*Data for this task*:
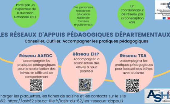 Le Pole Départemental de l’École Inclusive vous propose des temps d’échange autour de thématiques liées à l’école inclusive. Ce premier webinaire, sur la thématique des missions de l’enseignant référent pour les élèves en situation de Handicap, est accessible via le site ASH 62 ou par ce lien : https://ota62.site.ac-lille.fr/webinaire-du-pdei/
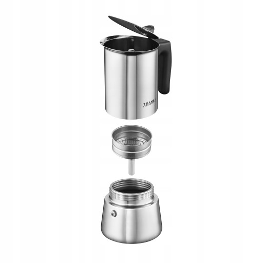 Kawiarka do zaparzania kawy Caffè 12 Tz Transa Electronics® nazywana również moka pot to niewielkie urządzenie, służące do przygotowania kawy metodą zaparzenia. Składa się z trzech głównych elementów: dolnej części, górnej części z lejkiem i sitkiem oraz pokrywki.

---

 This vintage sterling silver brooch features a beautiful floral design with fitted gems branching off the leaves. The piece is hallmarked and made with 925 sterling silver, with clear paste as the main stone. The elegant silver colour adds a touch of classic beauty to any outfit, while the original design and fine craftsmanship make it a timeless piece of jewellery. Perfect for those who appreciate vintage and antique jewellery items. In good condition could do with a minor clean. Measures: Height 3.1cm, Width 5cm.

*Work to be completed*:
Your reply should hold nothing but the lines above, from the one containing "Le Pole Départemental" to the one containing "Kawiarka do zaparzania", reproduced exactly minus the pictures.

*Worked solution*:
 Le Pole Départemental de l’École Inclusive vous propose des temps d’échange autour de thématiques liées à l’école inclusive. Ce premier webinaire, sur la thématique des missions de l’enseignant référent pour les élèves en situation de Handicap, est accessible via le site ASH 62 ou par ce lien : https://ota62.site.ac-lille.fr/webinaire-du-pdei/
 Kawiarka do zaparzania kawy Caffè 12 Tz Transa Electronics® nazywana również moka pot to niewielkie urządzenie, służące do przygotowania kawy metodą zaparzenia. Składa się z trzech głównych elementów: dolnej części, górnej części z lejkiem i sitkiem oraz pokrywki.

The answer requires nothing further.